When this option is enabled, the saved model weights will significantly shrink (real quantization), and it can be directly loaded for inference using the [MLC-LLM](https://github.com/mlc-ai/mlc-llm) backend. This improves inference speed and reduces memory usage. For more details on the [MLC-LLM](https://github.com/mlc-ai/mlc-llm) inference backend, refer to [this section](https://llmc-en.readthedocs.io/en/latest/backend/mlcllm.html).

<font color=792ee5> save.save_trans</font>

Whether to save the adjusted model weights.

The saved weights are adjusted to be more suitable for quantization, possibly containing fewer outliers. They are still saved in fp16/bf16 format (with the same file size as the original model). When deploying the model in the inference engine, the engine's built-in `naive quantization` needs to be used to achieve quantized inference.

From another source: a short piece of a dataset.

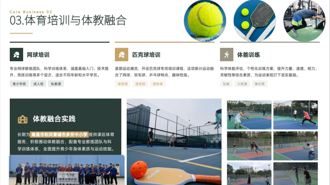 南昌市悦鼎体育是一家立足南昌、辐射赣鄱的综合性体育产业运营服务商,深耕体育产业多年,专注赛事运营、体育培训、产教融合、器材销售四大核心板块,致力于成为区域体育事业发展的重要推动力量。公司创始人、董事长张陈坤为南昌大学2010级体育专业校友。

Unlike `save_vllm` and similar options, this option requires the inference engine to perform real quantization, while `llmc` provides a floating-point model weight that is more suitable for quantization.

For example, the `save_trans` models exported by algorithms such as `SmoothQuant, Os+, AWQ, and Quarot` have `fewer outliers` and are more suitable for quantization.


<font color=792ee5> save.save_fake</font>

Whether to save the fake quantized model.

<font color=792ee5> save.save_path</font>

The path where the model is saved. This path must be a new, non-existent directory, otherwise, LLMC will terminate the run and issue an appropriate error message.